Management also said it plans to move toward “industry norm” guidance, stepping back from providing detailed metrics on initiatives such as bag fees, assigned seating, and the co-brand program.

Unit revenue, capacity, and cost commentary

COO Andrew Watterson said fourth-quarter capacity grew 5.8% year-over-year even though the fleet count was “roughly flat,” attributing the gain to efficiency efforts such as reduced turn times and red-eye flying. He said full-year operating revenue increased 1.7% year-over-year, supported by demand and “buy-ups” related to implemented changes.

Watterson said fourth-quarter RASM declined 0.2% year-over-year, citing the impact of FAA-mandated schedule cuts. For the first quarter of 2026, Southwest expects RASM to increase by at least 9.5% year-over-year, with contributions from yield, load factor, initiatives, and loyalty programs. First-quarter capacity is expected to grow 1% to 2% year-over-year, despite operating with about seven fewer aircraft, which Watterson said reflects continued efficiency gains.

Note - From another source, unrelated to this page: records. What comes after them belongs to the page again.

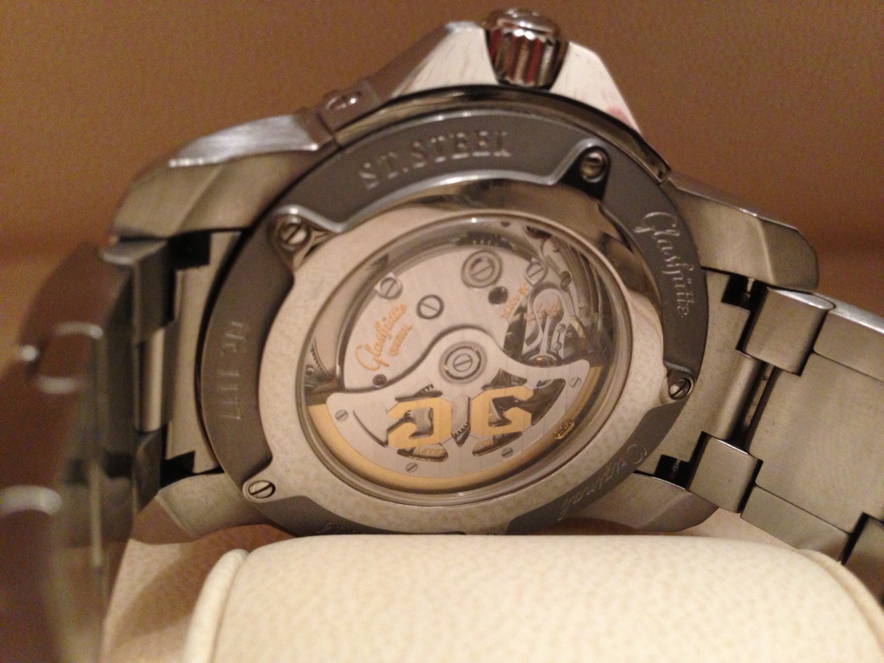 Стекло: сапфировое, задняя крышка прозрачная на 5 болтах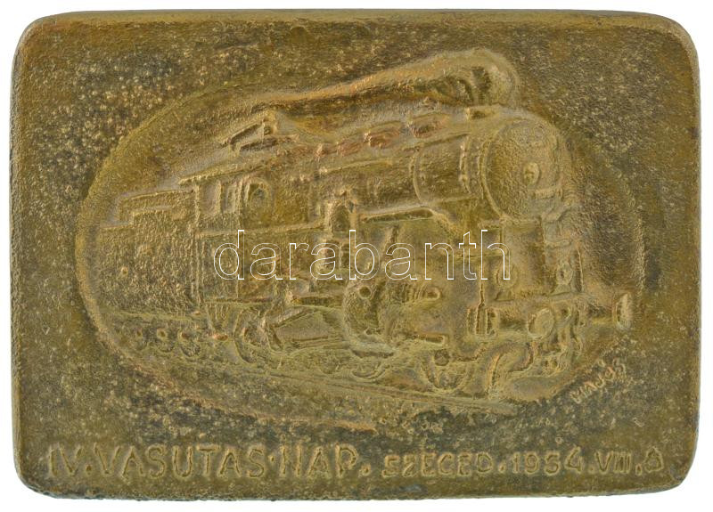 Hajós Géza (?-?) 1954. "IV. Vasutas nap - Szeged 1954. VIII. 8.&q... https://www.darabanth.com/en/457-Online-auction/457.0/Numismatics/Hungarian-commemorative-medals-and-plaques~11/Hajos-Geza-1954-IV-Vasutas-nap-Szeged-1954-VIII-8-fem-emlekplakett-hatoldalan-~II3035877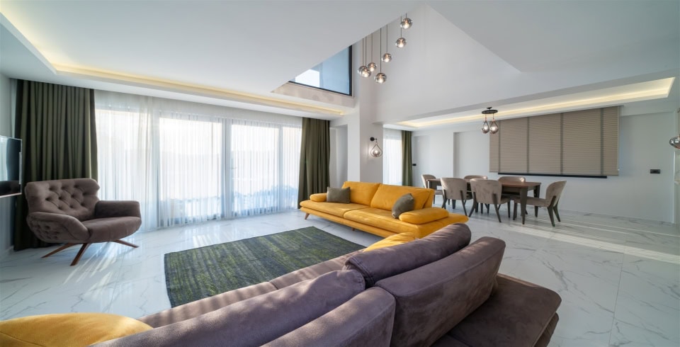 Salon: Oturma grubu, Uydu TV, yemek masası, Klima, Havuz kenarına çıkış bulunmaktadır.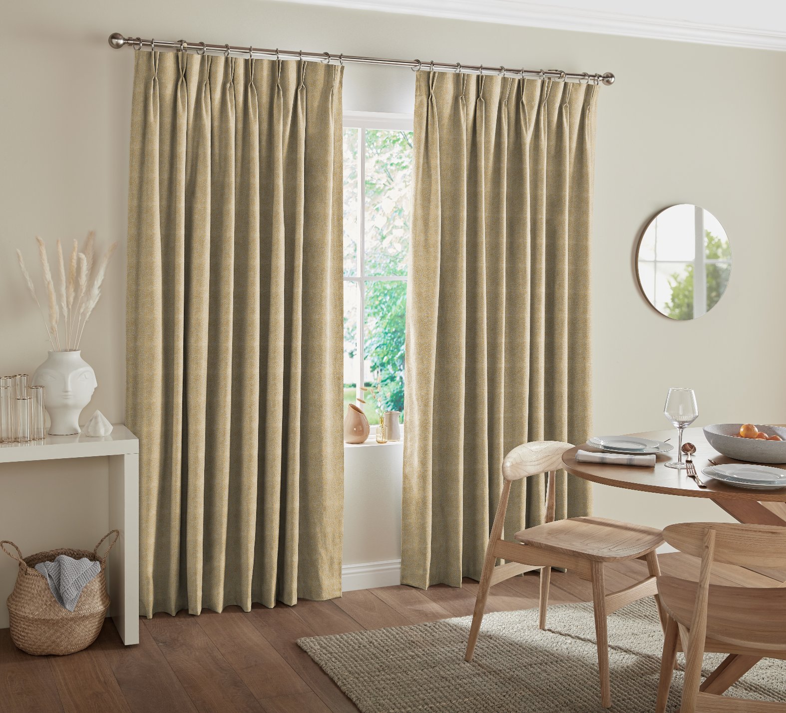 Double/Triple pinch pleat - Pinch pleat curtains can be fitted to a pole or a track. This header style has permenant sewn in pleats available in 4 inch or 6 inch sizes. A gliding hook at 100mm allows you to set the perfect position.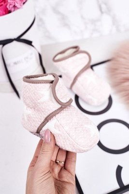 Дитячі снігові черевики з хутром і гудзиком Kawai рожевого кольору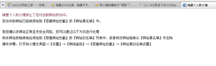 拦截了,说是恶意网址。其实拦了也可以点继续浏览嘛,我相信瑞星,不继续浏览了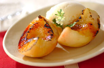 表面がカリッとした温かい桃と、冷たいアイスクリームの相性は抜群! お店の様な味に驚くはず。 15分 243Kcal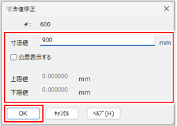寸法値を変更しても、実際に寸法が変わるわけではありません。寸法値の文字のみ変更します。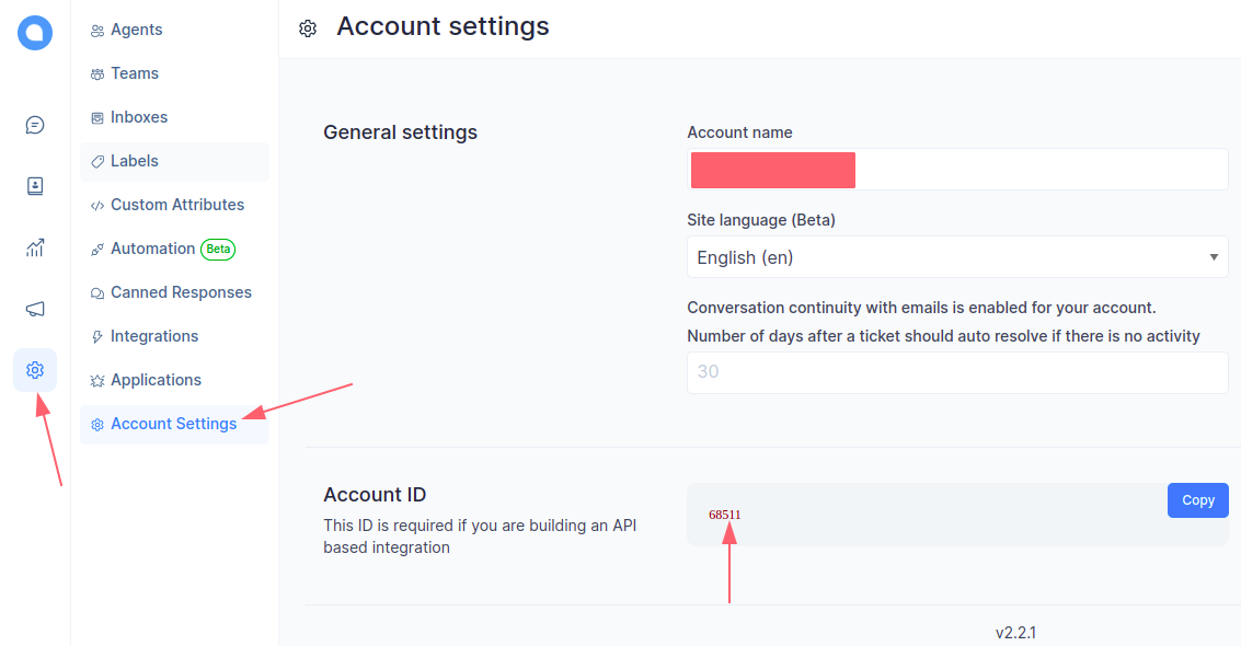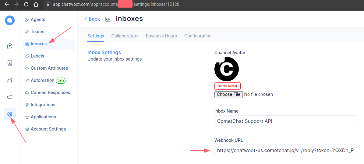 Go to Settings → Inboxes, open the target inbox, and copy the Inbox ID from the URL.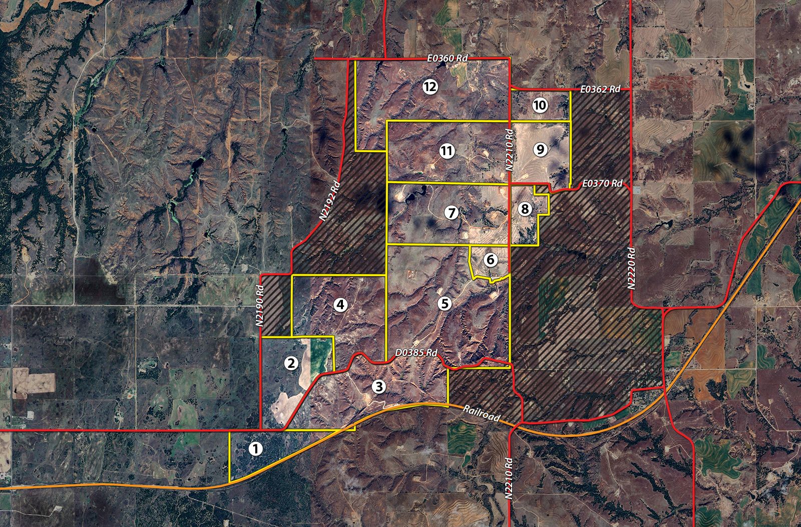 Tract 8: 76± ac Located along the eastern boundary, this tract includes Old World Bluestem pasture and approximately 36+/- tillable acres per FSA, predominately Carey silt loam soils. A heavily wooded draw provides excellent hunting potential.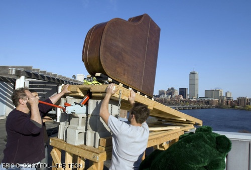Baker residents prepare to send a grand piano to a smashing demise six stories below in the annual Baker House Piano Drop on Drop Date yesterday.

On costs, Doxey reported fourth-quarter EBIT of $386 million and said CASM-ex increased 0.8% year-over-year, despite lower capacity than initially planned. Looking to the first quarter of 2026, the company guided to adjusted EPS of at least $0.45, compared with a $0.13 loss in the first quarter of 2025. CASM-ex is projected to increase approximately 3.5% year-over-year in Q1, including about 1.1 points of impact from removing six seats from the 737-700 fleet to enable extra legroom seating.

In response to a question about beating prior CASM guidance, Doxey said there was no cost shifting between quarters, describing the improvement as “widespread” efficiencies across “really every line item.” He also said management headcount expense is planned to be flat versus 2025 levels in 2026, with additional focus on frontline operational efficiency.

Fleet, balance sheet, and capital allocation

Doxey said Boeing is executing on delivery commitments, and Southwest expects 66 Boeing 737-8 deliveries in 2026 while retiring 60 aircraft. Net capital spending is expected to be $3 billion to $3.5 billion for the year, with Doxey later clarifying that aircraft sales are an offset within the net number.

The company issued $1.5 billion of unsecured bonds in November, ended the quarter with $3.2 billion in cash, and reported a gross leverage ratio of 2.4 times. During 2025, Southwest repurchased $2.6 billion of shares and paid $399 million in dividends. Executives said they intend to remain within “guardrails” consistent with maintaining an investment-grade rating while continuing to invest in the business.

During the Q&A, management also said it has no active aircraft RFPs in the market. Executives discussed further potential opportunities including network optimization, incremental cost takeout, and building corporate share as the airline’s product offering becomes more differentiated.

About Southwest Airlines (NYSE:LUV)

Southwest Airlines Co is a U.S.-based low-cost carrier that operates a point-to-point domestic and near-international airline network. Headquartered in Dallas, Texas, the company primarily flies Boeing 737 aircraft and offers no-frills, single-class service designed to keep fares competitive. Southwest’s operating model emphasizes high aircraft utilization, quick turnaround times and an open seating policy, allowing customers to board and select seats on a first-come, first-served basis.

Founded in 1967 by Herb Kelleher and Rollin King as Air Southwest Company, Southwest began commercial service in 1971, initially connecting Dallas, Houston and San Antonio.